Hash Table Pages: test/storage/extendible_htable_page_test.cpp
Extendible Hash Table: test/container/disk/hash/extendible_htable_test.cpp

You can compile and run each test individually from the command-line:

$ make extendible_htable_page_test -j$(nproc)$ ./test/extendible_htable_page_test

You can also run make check-tests to run ALL of the test cases. Note that some tests are disabled as you have not implemented future projects. You can disable tests in GTest by adding a DISABLED_ prefix to the test name.

Important: These tests are only a subset of the all the tests that we will use to evaluate and grade your project. You should write additional test cases on your own to check the complete functionality of your implementation.

Formatting

Your code must follow the Google C++ Style Guide. We use Clang to automatically check the quality of your source code. Your project grade will be zero if your submission fails any of these checks.

Execute the following commands to check your syntax. The format target will automatically correct your code. The check-lint and check-clang-tidy-p2 targets will print errors and instruct you how to fix it to conform to our style guide.

$ make format$ make check-clang-tidy-p2

Memory Leaks

For this project, we use LLVM Address Sanitizer (ASAN) and Leak Sanitizer (LSAN) to check for memory errors. To enable ASAN and LSAN, configure CMake in debug mode and run tests as you normally would. If there is memory error, you will see a memory error report. Note that macOS only supports address sanitizer without leak sanitizer.

In some cases, address sanitizer might affect the usability of the debugger. In this case, you might need to disable all sanitizers by configuring the CMake project with:

$ cmake -DCMAKE_BUILD_TYPE=Debug -DBUSTUB_SANITIZER= ..

Development Hints

You can use BUSTUB_ASSERT for assertions in debug mode.

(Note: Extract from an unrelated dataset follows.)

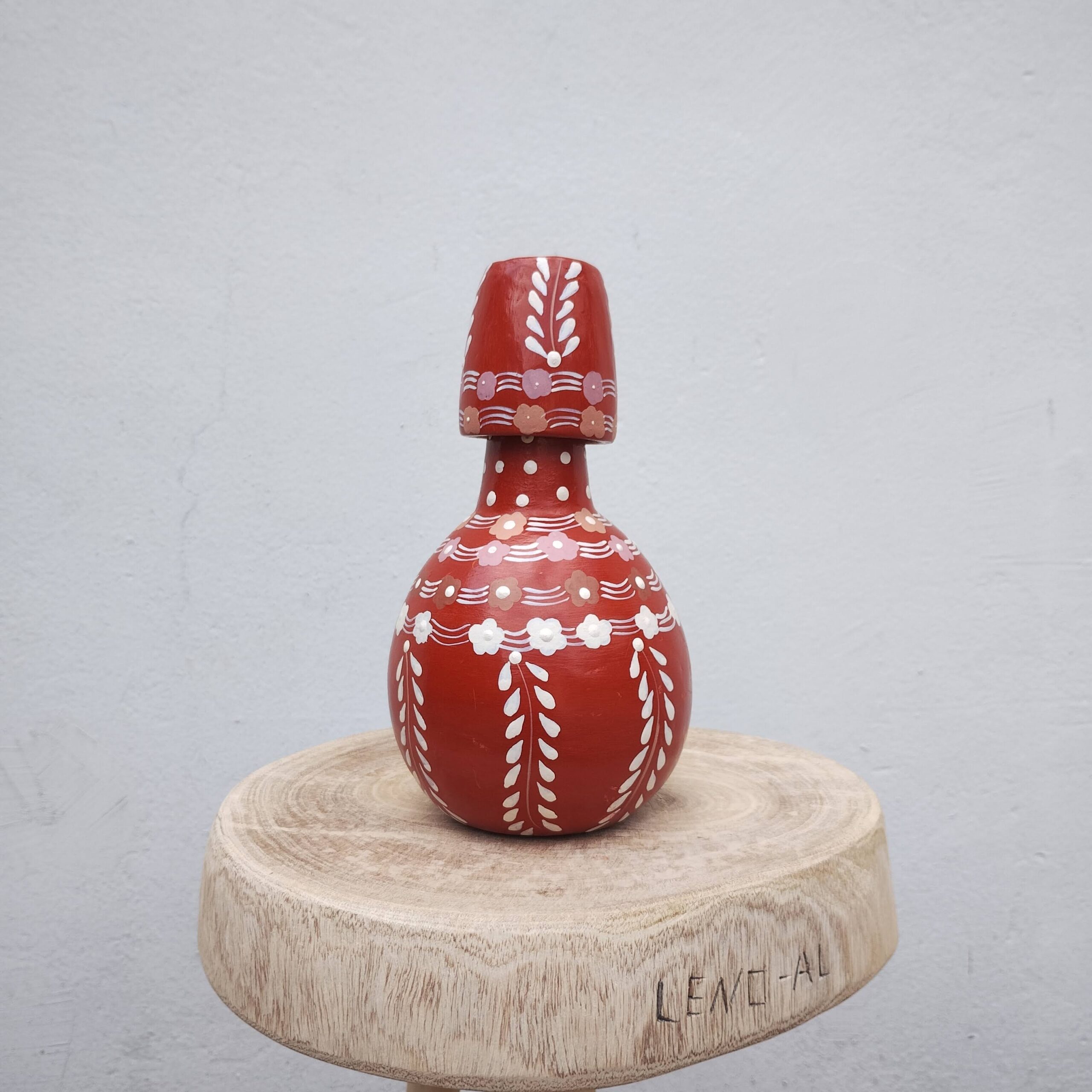 Moringa de cerâmica com tampa e copo, com pintura do próprio barro, cores da natureza. Confeccionada por artesãs do Vale do Jequitinhonha.

Note that the statements within BUSTUB_ASSERT will NOT be executed in release mode.If you have something to assert in all cases, use BUSTUB_ENSURE instead.

Post all of your questions about this project on Piazza. Do not email the TAs directly with questions.

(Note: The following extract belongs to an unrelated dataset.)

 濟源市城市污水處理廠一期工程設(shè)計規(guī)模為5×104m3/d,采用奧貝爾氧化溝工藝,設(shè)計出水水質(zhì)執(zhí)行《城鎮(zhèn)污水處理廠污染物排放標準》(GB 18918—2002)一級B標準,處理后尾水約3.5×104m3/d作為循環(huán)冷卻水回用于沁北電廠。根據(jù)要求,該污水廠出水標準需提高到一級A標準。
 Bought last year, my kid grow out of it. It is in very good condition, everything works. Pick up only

We encourage you to use a graphical debugger to debug your project if you are having problems.

If you are having compilation problems, running make clean does not completely reset the compilation process. You will need to delete your build directory and run cmake .. again before you rerun make.

Each project submission will be graded based on the following criteria:

Does the submission successfully execute all of the test cases and produce the correct answer?
Does the submission execute without any memory leaks?
Does the submission follow the code formatting and style policies?

Note that we will use additional test cases to grade your submission that are more complex than the sample test cases that we provide you.

See the late policy in the syllabus.

After completing the assignment, you can submit your implementation to Gradescope:

https://www.gradescope.com/courses/579715

Running make submit-p2 in your build/ directory will generate a zip archive called project2-submission.zip under your project root directory that you can submit to Gradescope.

You can submit your answers as many times as you like and get immediate feedback.

Notes on Gradescope and Autograder

If you are timing out on Gradescope, it's likely because you have a deadlock in your code or your code is too slow and does not run in 60 seconds. If your code is too slow it may be because you have performance issue on the buffer pool manager you implemented in project 1.
The autograder will not work if you are printing too many logs in your submissions.
If the autograder did not work properly, make sure that your formatting commands work and that you are submitting the right files.

CMU students should use the Gradescope course code announced on Piazza.

Every student has to work individually on this assignment.
Students are allowed to discuss high-level details about the project with others.
Students are not allowed to copy the contents of a white-board after a group meeting with other students.
Students are not allowed to copy the solutions from another colleague.

WARNING: All of the code for this project must be your own. You may not copy source code from other students or other sources that you find on the web. Plagiarism will not be tolerated. See CMU's Policy on Academic Integrity for additional information.